The case study replicates analyses by Hirota et al. (2011) and Flores et al. (2024). These two studies model tree cover for most of South America and for the Amazon respectively along a precipitation gradient. The used tree cover data is from 2001. Replication of the analysis here is done using tree cover for the year 2025 for the whole of South America.

Tree cover dataset

mixglm package provides the dataset treeCover which includes tree cover, precipitation, temperature, and predicted precipitation for the end of 21st century and coordinates for 5,000 data-points across South America.

library(mixglm)
#> Loading required package: nimble
#> nimble version 1.3.0 is loaded.
#> For more information on NIMBLE and a User Manual,
#> please visit https://R-nimble.org.
#> 
#> Note for advanced users who have written their own MCMC samplers:
#>   As of version 0.13.0, NIMBLE's protocol for handling posterior
#>   predictive nodes has changed in a way that could affect user-defined
#>   samplers in some situations. Please see Section 15.5.1 of the User Manual.
#> 
#> Attaching package: 'nimble'
#> The following object is masked from 'package:stats':
#> 
#>     simulate
#> The following object is masked from 'package:base':
#> 
#>     declare

# See ?treeCover for additional information 
str(treeCover)
#> 'data.frame':    5000 obs. of  6 variables:
#>  $ x         : num  -47.7 -70.5 -61 -54.7 -69.8 ...
#>  $ y         : num  -24.47 -14.57 -10 2.97 -18.56 ...
#>  $ treeCover : num  74.51 5.44 79.71 68.72 1.42 ...
#>  $ precip    : num  1917 1272 2096 2514 242 ...
#>  $ temp      : num  22.21 6.67 25.58 25.88 15.45 ...
#>  $ precip2100: num  1627 1317 1580 1544 876 ...
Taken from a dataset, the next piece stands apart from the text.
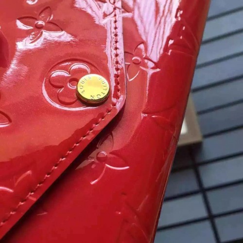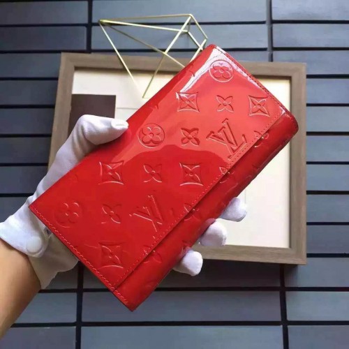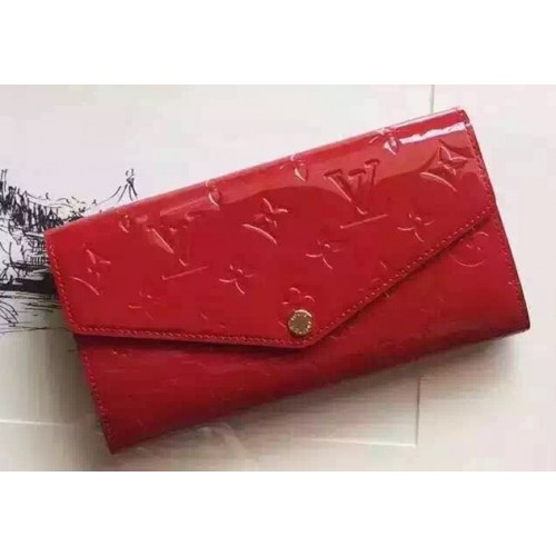 LOUIS VUITTON SARAH WALLET MONOGRAM VERNIS Cherry M90208SKU:1C018-006Size:19*10cmThis envelope-style Sarah wallet combines an exterior in discreetly embossed Monogram Vernis leather with an ingeniously designed interior featuring a variety of pockets and credit card slots.- 16 credit card slots, two large compartments for banknotes, zippered coin pocket, two flat interior pockets, one exterior back pocket- Calf leather lining- Golden color metallic pieces

In this case study, we model the stability landscape for tropical forests and savanna alternative states along precipitation and temperature gradients. There are only a few observations with very high precipitation and very low temperature. This prevents us from estimating reliably the stability landscape for these parts of respective gradients. Therefore, we constrain the analyses to the well-represented parts of precipitation (below 4000 mm/yr) and temperature gradients (over 0°C).

plot(treeCover$treeCover ~ treeCover$precip, cex = 0.1, ylab = "Tree cover (%)",
  xlab = "Precipitation (mm/yr)")
abline(v = 4000, lty = 2)

plot(treeCover$treeCover ~ treeCover$temp, cex = 0.1, ylab = "Tree cover (%)",
  xlab = "Temperature (°C)")
abline(v = 0, lty = 2)

datTC <- treeCover[treeCover$precip < 4000 & treeCover$temp > 0, ] # 4860 observations

Stability landscape along precipitation gradient

First, we model the stability landscape along the precipitation gradient. Tree cover has an upper (100%) as well as lower (0%) limit, therefore we will use a beta mixture rather than a Gaussian (normal). A beta-distributed variable can have values from 0 to 1 (excluding 0 and 1). Thus, we calculate the proportion of tree cover and shift the values slightly to make sure the dataset does not contain any exact zeros or ones. We also standardize predictors to 0 mean and standard deviation 1 to facilitate the model fit (and ensure the same effect of priors once we use multiple predictors).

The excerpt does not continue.